2655- * The complete build log is located at '/var/log/portage/build/dev-libs/botan-3.1.0:20230712-121644.log'.
2656- * For convenience, a symlink to the build log is located at '/var/tmp/portage/dev-libs/botan-3.1.0/temp/build.log'.

You’ve been looping the entire test corpus, right?

Just looping the failing kyber_keygen test didn’t give me any errors in about 4000 iterations, unfortunately.

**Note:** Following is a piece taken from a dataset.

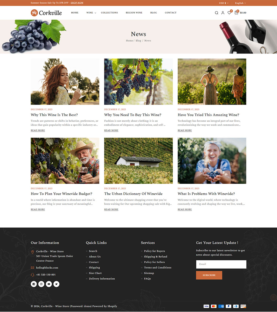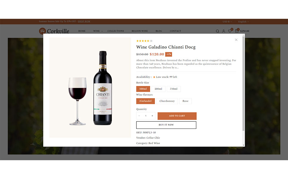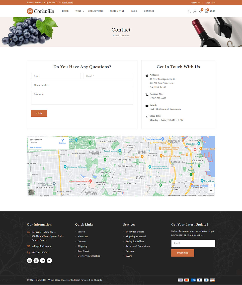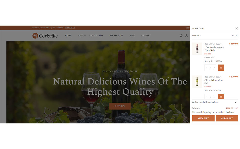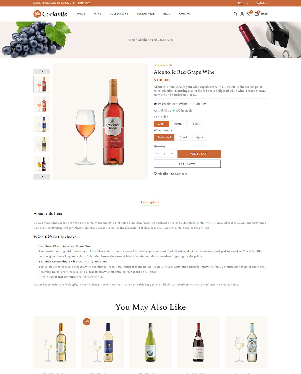 Corkville, the Shopify 2.0 Responsive Theme meticulously crafted to transform your wine and liquor store into a digital haven for connoisseurs. Corkville boasts an exquisite design that harmonizes elegance with functionality. From the rich color palette to the tastefully designed layout, your online store will reflect the refined nature of the spirits you offer. Embrace the future of e-commerce with the power of Shopify 2.0. Corkville ensures your online store is equipped with the latest features, offering faster load times, enhanced navigation, and an overall polished interface that sets you apart in the competitive world of online liquor retail.

i=1; while ./botan-test kyber_keygen; do echo $i; i=$(( i+1 )); done

Edit: same with kdf_kat in 20k iterations. 😦

i=1; while ./botan-test kdf_kat; do echo $i; i=$(( i+1 )); done

Edit 2: the full corpus failed rather quickly. 😮

I seem to be able to reproduce it.

Edit 3: 50 iterations of the test corpus on Botan 3.0.0 came back clean.